The current approach for assessing the safety of railway track includes the inspection of track geometry, usually with the use of an automated track-recording car. Track geometry measurements, such as gage, surface, alignment, cross level, and twist, are measured and compared with predefined limits, usually railway or government defined standards. These standards, while often loosely based on the dynamic behavior of select rail vehicles, are generally defined based on what can actually be measured by the recording cars, rather than what conditions increase the risk of vehicle/track related derailments.

This approach, while effective, in general, still does not capture all of the conditions that can lead to a vehicle/track related derailment. This can be clearly seen in Figure 7, which shows a three-year history of US derailments that were reported to be caused either by track geometry problems or by poor dynamic response of the rail vehicle. Derailments caused by poor rail vehicle dynamics make up a significant percentage of those reported as geometric or dynamic causes3.

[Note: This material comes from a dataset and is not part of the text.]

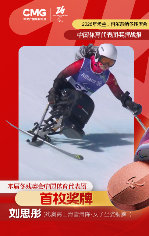 米兰-科尔蒂纳冬残奥会峻岭滑雪女子滑降(站姿)比赛,中国代表团开幕式旗头刘想彤夺得铜牌!这是本届赛事中国代表团首枚奖牌!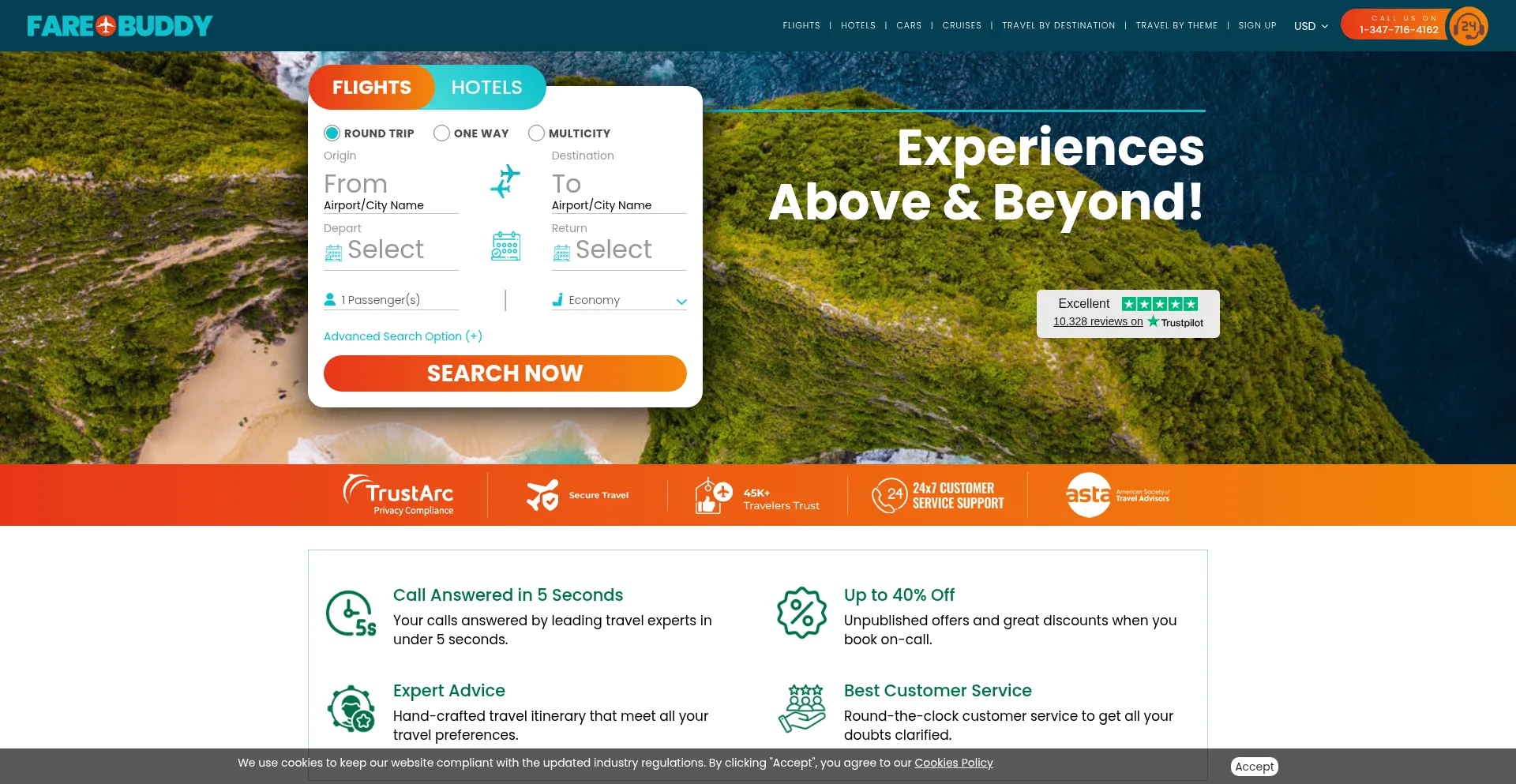With Fareobuddy, book cheap flights and hotels all over the world to enjoy great savings. For bookings, call now or book online.

Here too a need for a more focused, risk-based approach was identified. Specifically, a method for assessing track geometry based, not only on static geometry standards, but also on the interaction between the track and vehicle. This endeavor has led to the development of dynamic simulation model that is used to perform this real-time analysis using a continuous input stream of track geometry data (on the track geometry car). The objective is to identify locations producing unsafe vehicle performance in the field and provide the railroad with an immediate defect report that will allow them to take fast corrective action.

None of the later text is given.